» DATA LISTING
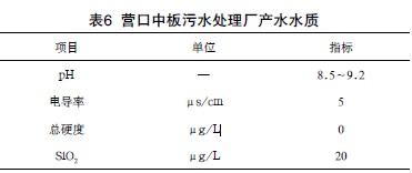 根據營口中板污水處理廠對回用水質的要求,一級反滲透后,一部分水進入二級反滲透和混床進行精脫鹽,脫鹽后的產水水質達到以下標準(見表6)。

...

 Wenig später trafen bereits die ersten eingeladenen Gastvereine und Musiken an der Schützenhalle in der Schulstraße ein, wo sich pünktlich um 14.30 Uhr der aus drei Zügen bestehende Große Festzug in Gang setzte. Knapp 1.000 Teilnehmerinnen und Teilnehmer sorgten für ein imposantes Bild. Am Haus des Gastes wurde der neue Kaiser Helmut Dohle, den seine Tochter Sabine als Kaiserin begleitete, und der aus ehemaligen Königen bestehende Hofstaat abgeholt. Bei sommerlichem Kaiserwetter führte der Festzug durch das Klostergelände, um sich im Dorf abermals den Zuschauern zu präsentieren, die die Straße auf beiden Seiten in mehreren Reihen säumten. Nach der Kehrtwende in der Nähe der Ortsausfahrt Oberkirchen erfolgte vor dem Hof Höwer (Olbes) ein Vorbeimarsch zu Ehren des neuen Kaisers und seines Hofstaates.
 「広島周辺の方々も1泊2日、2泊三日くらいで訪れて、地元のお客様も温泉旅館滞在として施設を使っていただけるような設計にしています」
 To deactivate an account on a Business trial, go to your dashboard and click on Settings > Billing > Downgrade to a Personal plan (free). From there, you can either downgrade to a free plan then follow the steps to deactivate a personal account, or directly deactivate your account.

» WORK REQUIRED
Using the records above, copy word for word the line with "Wenig später trafen", the line with "To deactivate an", and every line between them.

» ANSWER
 Wenig später trafen bereits die ersten eingeladenen Gastvereine und Musiken an der Schützenhalle in der Schulstraße ein, wo sich pünktlich um 14.30 Uhr der aus drei Zügen bestehende Große Festzug in Gang setzte. Knapp 1.000 Teilnehmerinnen und Teilnehmer sorgten für ein imposantes Bild. Am Haus des Gastes wurde der neue Kaiser Helmut Dohle, den seine Tochter Sabine als Kaiserin begleitete, und der aus ehemaligen Königen bestehende Hofstaat abgeholt. Bei sommerlichem Kaiserwetter führte der Festzug durch das Klostergelände, um sich im Dorf abermals den Zuschauern zu präsentieren, die die Straße auf beiden Seiten in mehreren Reihen säumten. Nach der Kehrtwende in der Nähe der Ortsausfahrt Oberkirchen erfolgte vor dem Hof Höwer (Olbes) ein Vorbeimarsch zu Ehren des neuen Kaisers und seines Hofstaates.
 「広島周辺の方々も1泊2日、2泊三日くらいで訪れて、地元のお客様も温泉旅館滞在として施設を使っていただけるような設計にしています」
 To deactivate an account on a Business trial, go to your dashboard and click on Settings > Billing > Downgrade to a Personal plan (free). From there, you can either downgrade to a free plan then follow the steps to deactivate a personal account, or directly deactivate your account.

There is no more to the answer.